The glasses ran short, so Dickens, noticing a fire pail, or something of the kind, hanging against the wall, called out in his hearty sort of way, “Here we are. Give Field some in a bucket!”

That was the origin of ‘Mr. Bucket.’

Mr. Williamson gave me Field’s portrait, and I value it much, for his sake as well as for the story attached to it.”

A portrait of Inspector Filed.
Inspector Charles Field. From The Sketch, 21st June, 1893. Copyright, The British Library Board.

A DETECTIVE SHOULD BE VERY ORDINARY

“I suppose the qualities needed in an inspector of the Criminal Investigation Department today differ a good deal from those necessary in Inspector Bucket’s time?”

“Yes, in some points; but human nature, even criminal human nature, is pretty much the same always. It is the conditions, the surroundings, which are different.

A detective should not be, as some people think he should, an extraordinary man, but an ordinary one with practical common-sense and a liking for his profession.

With Talleyrand, he should say, ‘Not too much zeal,’ but it would not do for him to follow Wolsey’s advice and ‘fling away ambition,’ or he would make no progress at all.”

CAN YOU TELL A DETECTIVE?

“Do you think there is anything in the commonly accepted idea that one can always tell a detective?”

“Nothing at all. It is quite a mistake. I have had many instances to the contrary in my own experience.
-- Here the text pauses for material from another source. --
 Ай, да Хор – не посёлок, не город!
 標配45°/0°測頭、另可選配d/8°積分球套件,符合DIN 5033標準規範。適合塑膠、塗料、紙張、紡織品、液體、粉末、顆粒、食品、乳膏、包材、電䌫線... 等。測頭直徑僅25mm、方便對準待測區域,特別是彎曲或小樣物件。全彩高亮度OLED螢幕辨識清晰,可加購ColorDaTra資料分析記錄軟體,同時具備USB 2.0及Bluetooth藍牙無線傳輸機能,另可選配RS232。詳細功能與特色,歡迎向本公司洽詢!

I was once on board a steamer coming from America with a forger in my care, and, in order to let things go pleasantly all round, I had asked the captain not to let it be known that I was 0n board.

A very nice young fellow made friends with me soon after we left the harbour, and a day or two later he came up to me with an air of great mystery, and informed me that he believed we had a Scotland Yard detective on board.
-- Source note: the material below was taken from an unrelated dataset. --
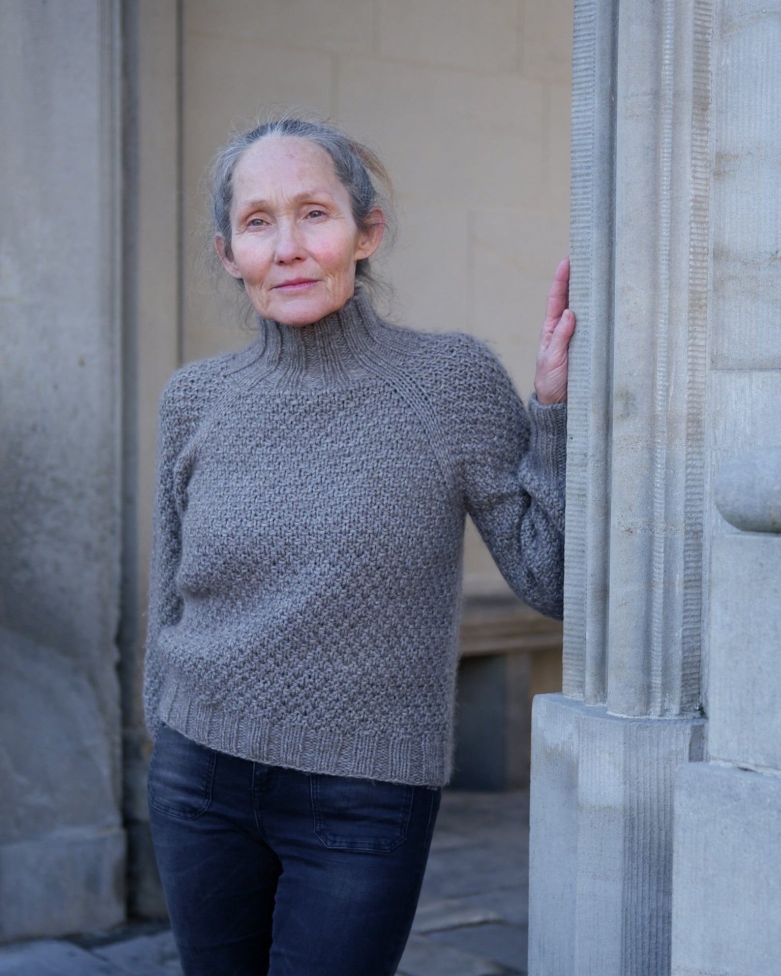 Le modèle présenté est tricoté en fil Heavy Merino de Knitting for Olive en couleur « Dusty Moose » et Soft Silk Mohair en couleur « Hazel ».

I was, of course, immensely surprised, and asked him to be sure and tell me if be discovered his identity.

On the same voyage, I had, in addition to my forger on the right hand, a young gentleman on my left who was suspected of murdering his father, a wealthy American banker.”
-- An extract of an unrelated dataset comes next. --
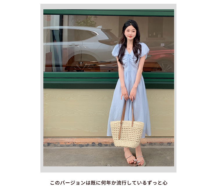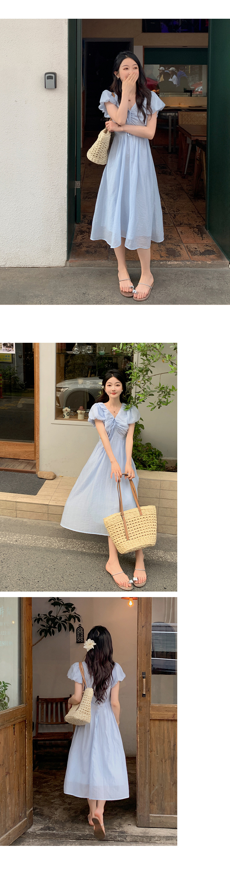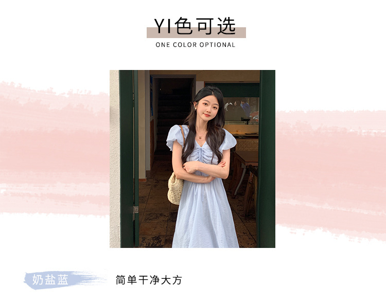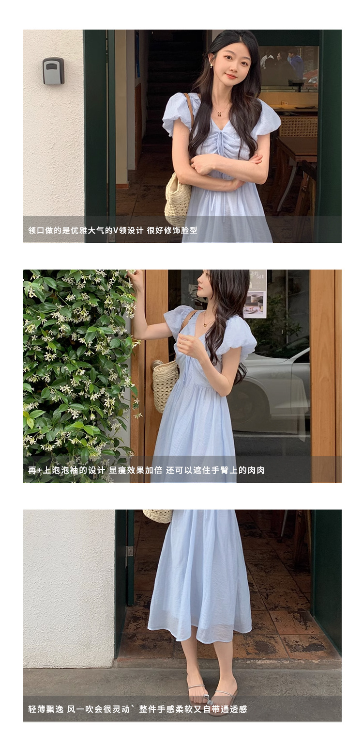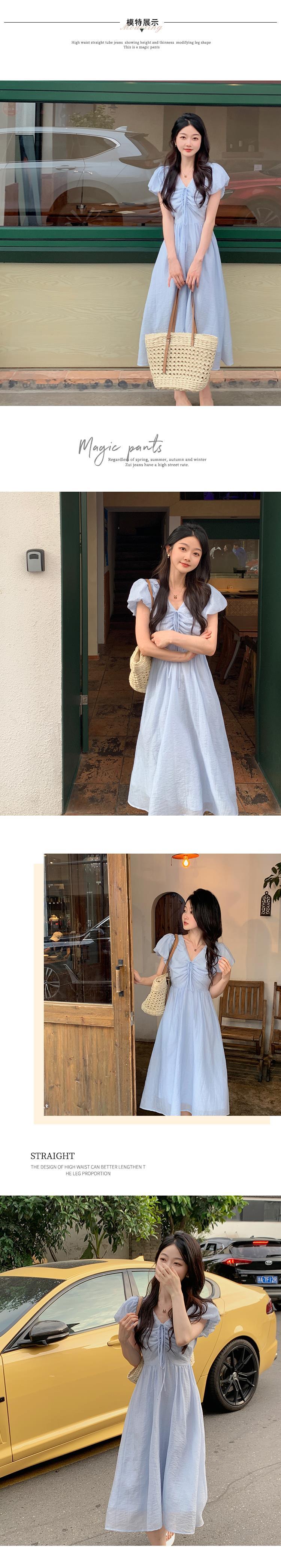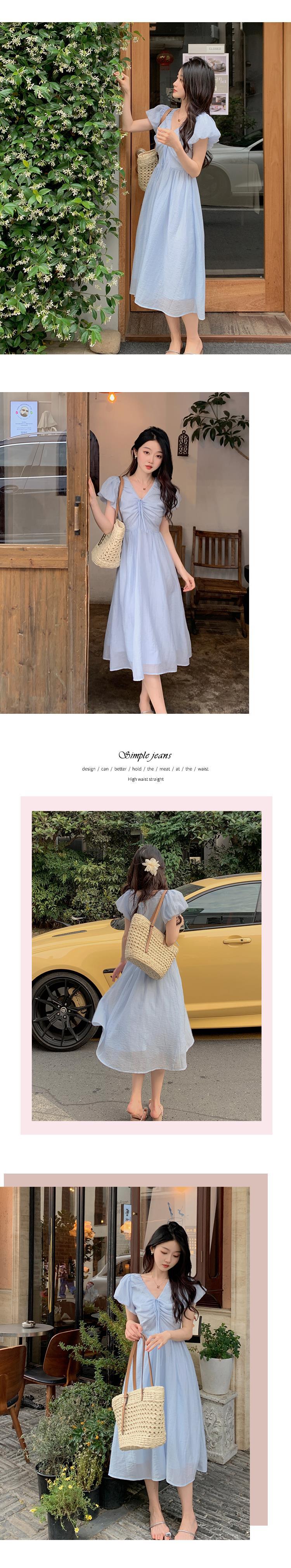 한국 세련된 여름 프랑스 스타일 부드러운 우아한 드로스트링 V 넥 버블 짧은 소매 높은 허리 큰 스윙 요정 원피스스토어 가기

DO DETECTIVES GO ABOUT IN DISGUISE?

“Does the modern detective rely to any great extent upon disguises or make-up, Mr. Littlechild?”

“To some extent, of course, and he should have a good deal of the actor in him.

One of his most valuable talents is the power of looking like a fool while yet keeping his wits very much on the alert.

By assuming an air of superhuman innocence or stupidity, you may lure the deepest criminal in, as Perkyn Middlewick would say, until he falls headlong into your arms.

DETECTIVES ARE ACTORS

A good detective is an actor – with a difference.”

“That his acting is very real and very serious —–”

“And very much more difficult.

In a play an actor has every circumstance made to fit him, to play up to him, as it were, by an obliging author.

The detective has to fit himself to circumstances.

He begins in darkness and makes his way through obstruction.

ONLY THE RESULTS ARE SEEN

The public, even the judges and our own chiefs, often only see the result of our work.

‘The prisoner, who was arrested by Inspector Blank’ –  that is all they generally see of it.

They know nothing of the many devices adopted in putting together the thousand and one links in the chain which led up to the capture, the narrow escapes from utter failure, the intense and incessant vigilance which has been necessary; for sometimes a single turn of the wheel in chasing a criminal, and days and months of labour may be lost in a moment.

Just as in chemistry an audience may see a vapour, a liquid, a crystal, a sudden flame of light, but they know nothing of how it was produced, so the public knows nothing of the steps which led to the clapping of the handcuffs upon the wrists of a forger, or the slipping of the white cap over a murderer’s head.”